■ **Task details**: Using the data below, print exactly the line with "澳门励骏1月30日晚间在港交", the line with "Am nächsten Tag", and every line between them, but none of the pictures.

■ **Available data**:
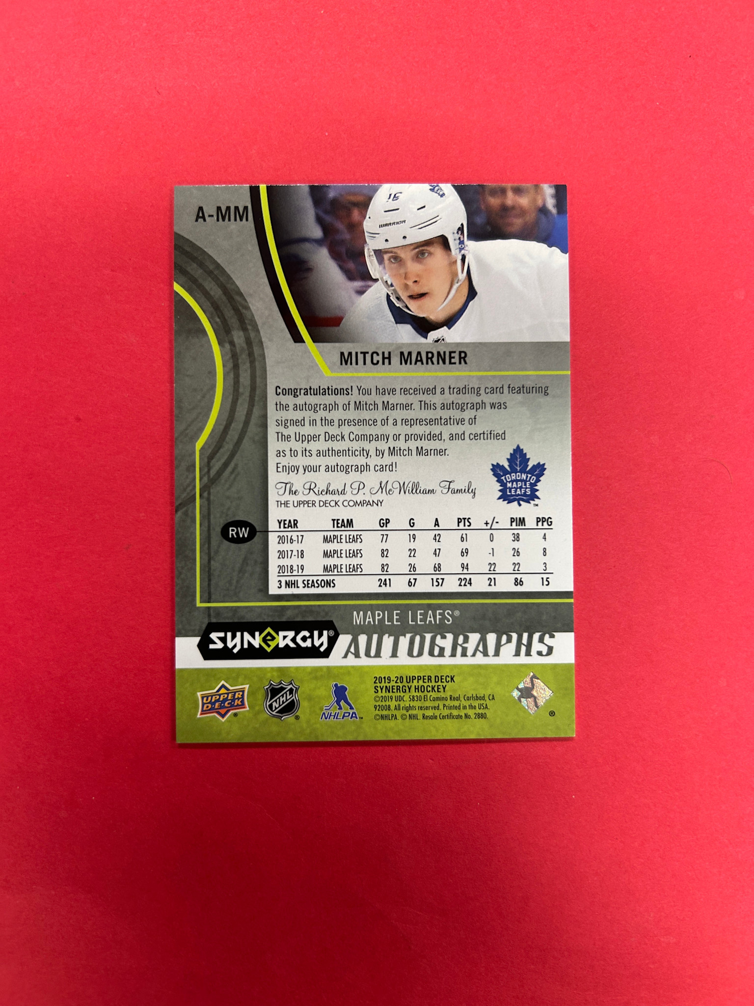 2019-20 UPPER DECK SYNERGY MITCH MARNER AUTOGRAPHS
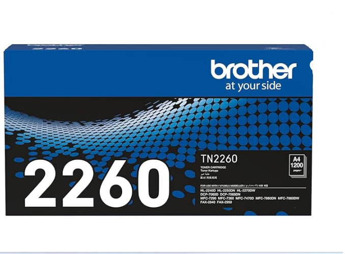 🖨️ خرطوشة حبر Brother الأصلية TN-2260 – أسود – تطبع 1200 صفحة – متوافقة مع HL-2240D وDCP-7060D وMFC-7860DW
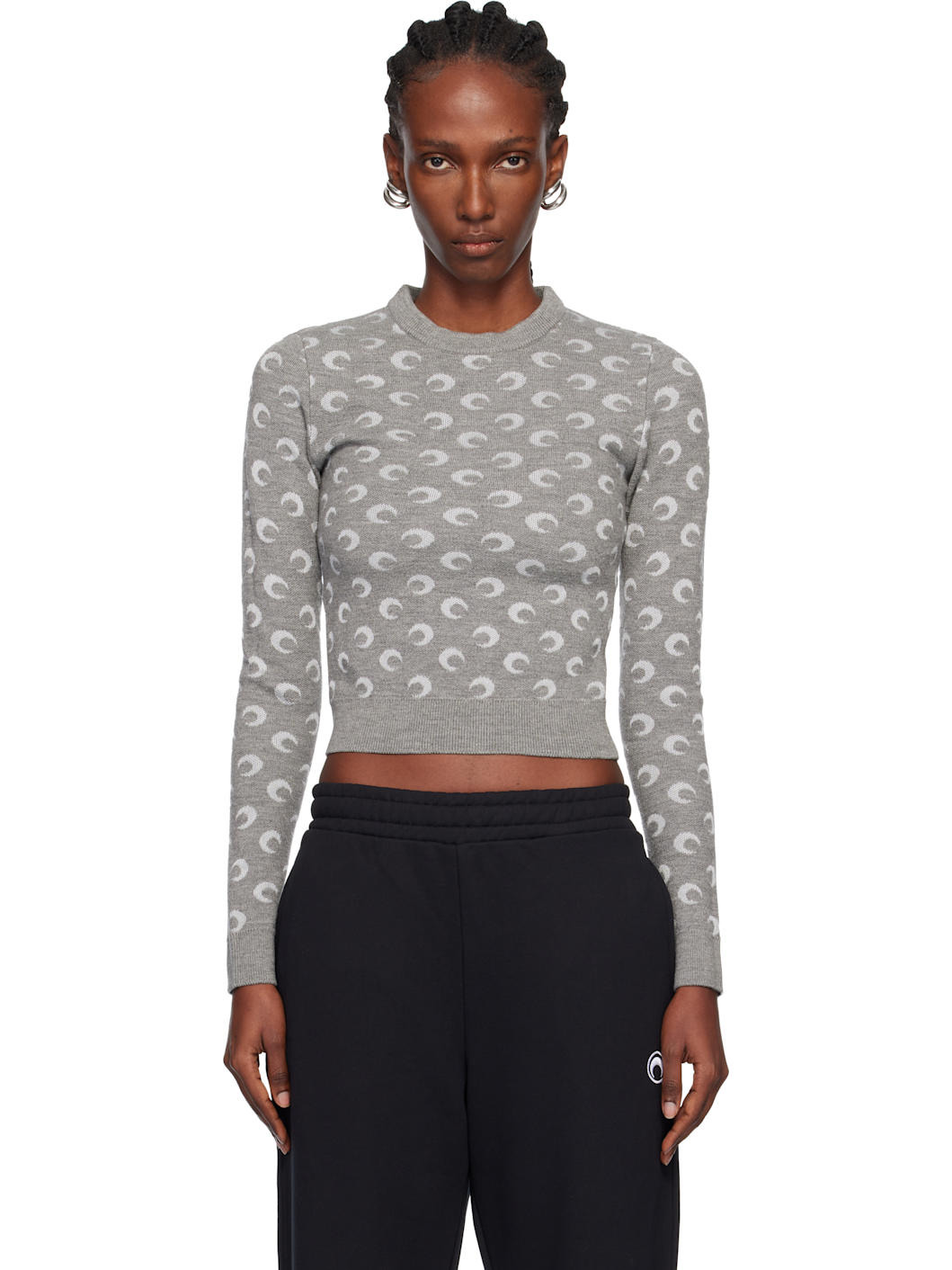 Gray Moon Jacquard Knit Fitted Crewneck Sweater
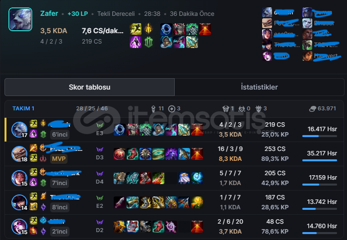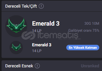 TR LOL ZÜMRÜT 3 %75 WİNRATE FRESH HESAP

---

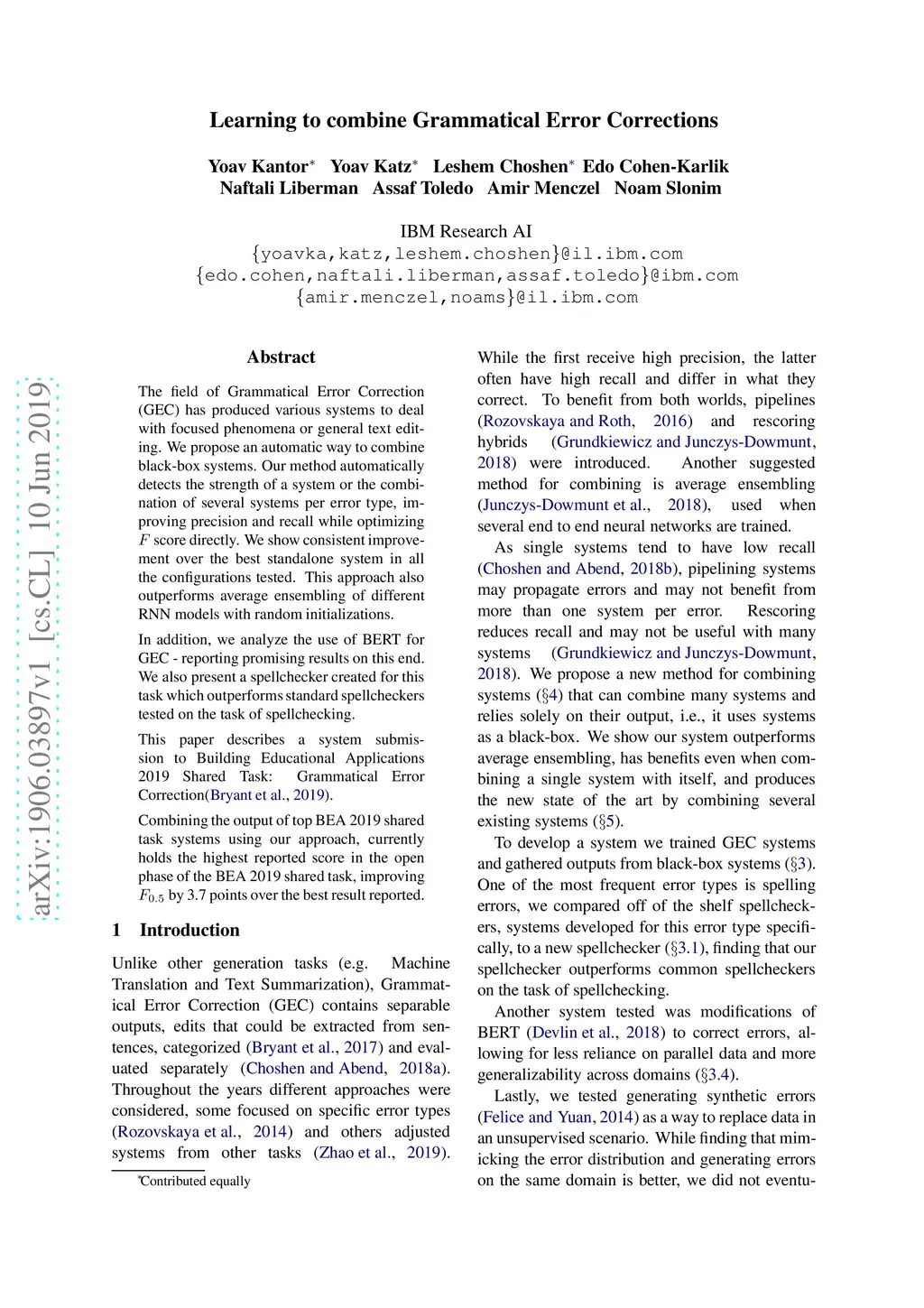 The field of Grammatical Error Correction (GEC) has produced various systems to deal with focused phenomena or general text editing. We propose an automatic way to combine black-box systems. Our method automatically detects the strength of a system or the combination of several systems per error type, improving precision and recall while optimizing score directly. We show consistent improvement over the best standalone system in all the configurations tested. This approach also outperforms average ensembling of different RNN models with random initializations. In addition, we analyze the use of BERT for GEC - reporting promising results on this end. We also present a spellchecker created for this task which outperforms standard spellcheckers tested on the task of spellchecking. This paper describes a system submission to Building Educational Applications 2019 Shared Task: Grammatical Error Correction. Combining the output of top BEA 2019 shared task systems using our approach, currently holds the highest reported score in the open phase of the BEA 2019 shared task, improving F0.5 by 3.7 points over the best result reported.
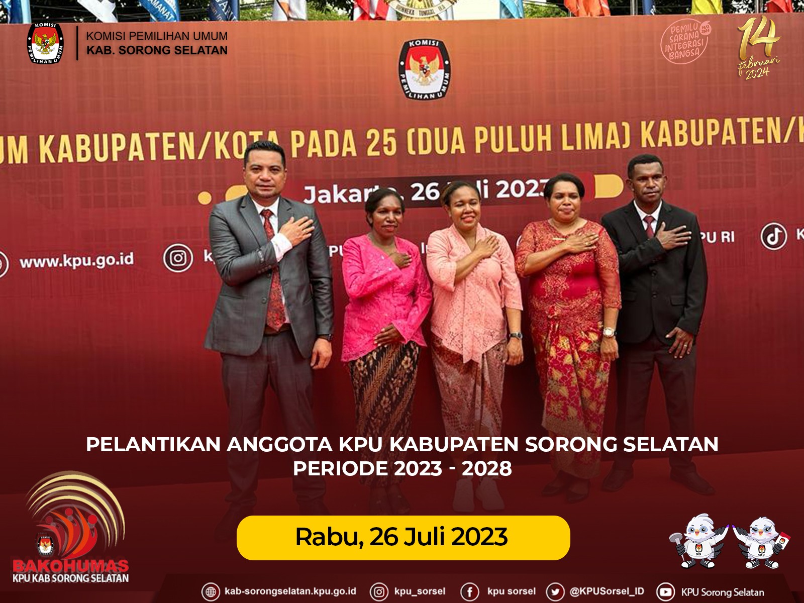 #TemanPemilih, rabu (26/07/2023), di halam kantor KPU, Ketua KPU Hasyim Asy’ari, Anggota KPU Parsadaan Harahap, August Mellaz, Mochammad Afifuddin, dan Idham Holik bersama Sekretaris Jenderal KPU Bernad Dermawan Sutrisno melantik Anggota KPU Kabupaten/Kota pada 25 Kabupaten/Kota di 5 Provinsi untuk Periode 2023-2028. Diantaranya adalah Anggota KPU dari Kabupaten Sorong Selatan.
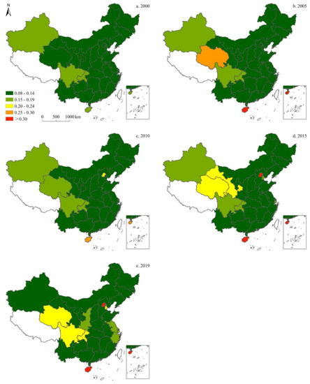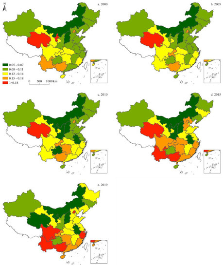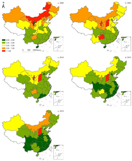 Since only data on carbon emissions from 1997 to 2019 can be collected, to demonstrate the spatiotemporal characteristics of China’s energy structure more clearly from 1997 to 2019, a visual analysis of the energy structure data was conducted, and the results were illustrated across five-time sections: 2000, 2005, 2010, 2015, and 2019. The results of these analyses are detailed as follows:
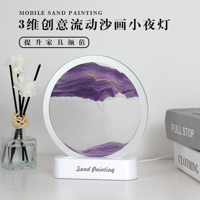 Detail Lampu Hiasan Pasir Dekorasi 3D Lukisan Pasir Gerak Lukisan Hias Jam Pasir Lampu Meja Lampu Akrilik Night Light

--

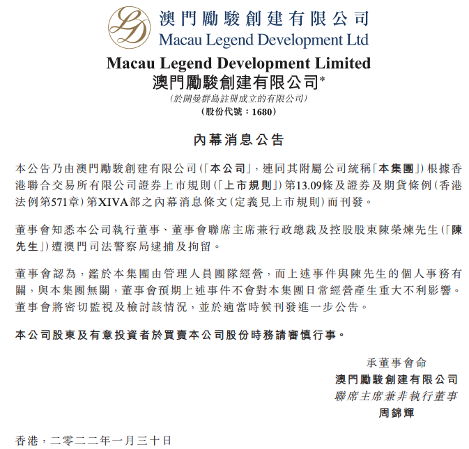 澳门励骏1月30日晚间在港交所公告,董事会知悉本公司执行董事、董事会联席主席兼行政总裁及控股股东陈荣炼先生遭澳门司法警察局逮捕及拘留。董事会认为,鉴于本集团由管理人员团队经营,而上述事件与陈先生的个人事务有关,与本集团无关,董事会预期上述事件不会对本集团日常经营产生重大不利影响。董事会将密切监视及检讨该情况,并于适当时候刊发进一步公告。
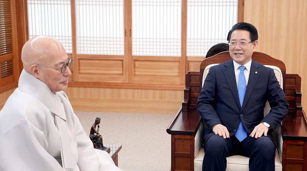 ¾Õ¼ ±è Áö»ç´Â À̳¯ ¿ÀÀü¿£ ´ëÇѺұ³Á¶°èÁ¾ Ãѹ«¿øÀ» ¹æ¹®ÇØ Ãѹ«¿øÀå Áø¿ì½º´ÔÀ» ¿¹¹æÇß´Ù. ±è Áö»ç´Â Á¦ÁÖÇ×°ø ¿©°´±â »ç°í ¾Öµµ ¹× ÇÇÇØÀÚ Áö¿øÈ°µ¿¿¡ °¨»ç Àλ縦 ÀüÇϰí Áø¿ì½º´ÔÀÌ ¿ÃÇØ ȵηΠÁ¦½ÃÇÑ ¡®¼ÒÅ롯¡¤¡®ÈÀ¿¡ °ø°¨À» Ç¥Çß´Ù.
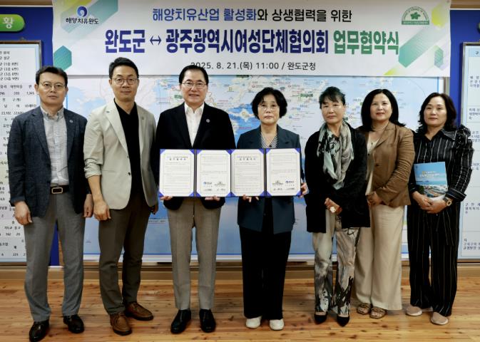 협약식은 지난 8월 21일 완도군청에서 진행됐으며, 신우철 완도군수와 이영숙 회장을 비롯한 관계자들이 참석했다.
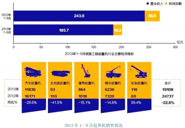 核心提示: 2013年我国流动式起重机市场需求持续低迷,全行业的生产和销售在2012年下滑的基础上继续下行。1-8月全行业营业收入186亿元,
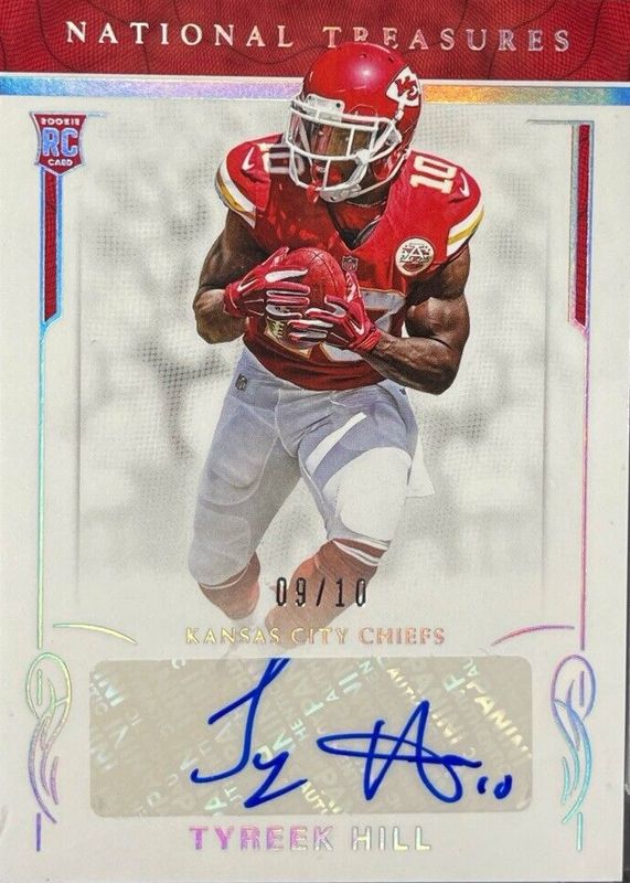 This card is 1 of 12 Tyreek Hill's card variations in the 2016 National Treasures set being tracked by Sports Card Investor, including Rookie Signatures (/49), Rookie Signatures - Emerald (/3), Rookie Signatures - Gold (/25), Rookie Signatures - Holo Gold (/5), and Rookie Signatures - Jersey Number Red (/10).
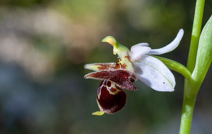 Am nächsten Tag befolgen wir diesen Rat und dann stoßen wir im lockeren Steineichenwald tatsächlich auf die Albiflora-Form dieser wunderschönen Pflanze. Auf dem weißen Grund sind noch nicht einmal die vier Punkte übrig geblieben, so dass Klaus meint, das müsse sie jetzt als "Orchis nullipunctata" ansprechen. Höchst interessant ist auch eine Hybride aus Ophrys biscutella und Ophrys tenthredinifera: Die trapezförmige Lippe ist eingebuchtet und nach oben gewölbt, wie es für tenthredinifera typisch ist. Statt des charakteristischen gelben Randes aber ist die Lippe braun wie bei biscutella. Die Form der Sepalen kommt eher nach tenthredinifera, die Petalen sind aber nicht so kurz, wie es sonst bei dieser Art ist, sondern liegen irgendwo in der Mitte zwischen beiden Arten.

■ **Exercise output**:
 澳门励骏1月30日晚间在港交所公告,董事会知悉本公司执行董事、董事会联席主席兼行政总裁及控股股东陈荣炼先生遭澳门司法警察局逮捕及拘留。董事会认为,鉴于本集团由管理人员团队经营,而上述事件与陈先生的个人事务有关,与本集团无关,董事会预期上述事件不会对本集团日常经营产生重大不利影响。董事会将密切监视及检讨该情况,并于适当时候刊发进一步公告。
 ¾Õ¼ ±è Áö»ç´Â À̳¯ ¿ÀÀü¿£ ´ëÇѺұ³Á¶°èÁ¾ Ãѹ«¿øÀ» ¹æ¹®ÇØ Ãѹ«¿øÀå Áø¿ì½º´ÔÀ» ¿¹¹æÇß´Ù. ±è Áö»ç´Â Á¦ÁÖÇ×°ø ¿©°´±â »ç°í ¾Öµµ ¹× ÇÇÇØÀÚ Áö¿øÈ°µ¿¿¡ °¨»ç Àλ縦 ÀüÇϰí Áø¿ì½º´ÔÀÌ ¿ÃÇØ ȵηΠÁ¦½ÃÇÑ ¡®¼ÒÅ롯¡¤¡®ÈÀ¿¡ °ø°¨À» Ç¥Çß´Ù.
 협약식은 지난 8월 21일 완도군청에서 진행됐으며, 신우철 완도군수와 이영숙 회장을 비롯한 관계자들이 참석했다.
 核心提示: 2013年我国流动式起重机市场需求持续低迷,全行业的生产和销售在2012年下滑的基础上继续下行。1-8月全行业营业收入186亿元,
 This card is 1 of 12 Tyreek Hill's card variations in the 2016 National Treasures set being tracked by Sports Card Investor, including Rookie Signatures (/49), Rookie Signatures - Emerald (/3), Rookie Signatures - Gold (/25), Rookie Signatures - Holo Gold (/5), and Rookie Signatures - Jersey Number Red (/10).
 Am nächsten Tag befolgen wir diesen Rat und dann stoßen wir im lockeren Steineichenwald tatsächlich auf die Albiflora-Form dieser wunderschönen Pflanze. Auf dem weißen Grund sind noch nicht einmal die vier Punkte übrig geblieben, so dass Klaus meint, das müsse sie jetzt als "Orchis nullipunctata" ansprechen. Höchst interessant ist auch eine Hybride aus Ophrys biscutella und Ophrys tenthredinifera: Die trapezförmige Lippe ist eingebuchtet und nach oben gewölbt, wie es für tenthredinifera typisch ist. Statt des charakteristischen gelben Randes aber ist die Lippe braun wie bei biscutella. Die Form der Sepalen kommt eher nach tenthredinifera, die Petalen sind aber nicht so kurz, wie es sonst bei dieser Art ist, sondern liegen irgendwo in der Mitte zwischen beiden Arten.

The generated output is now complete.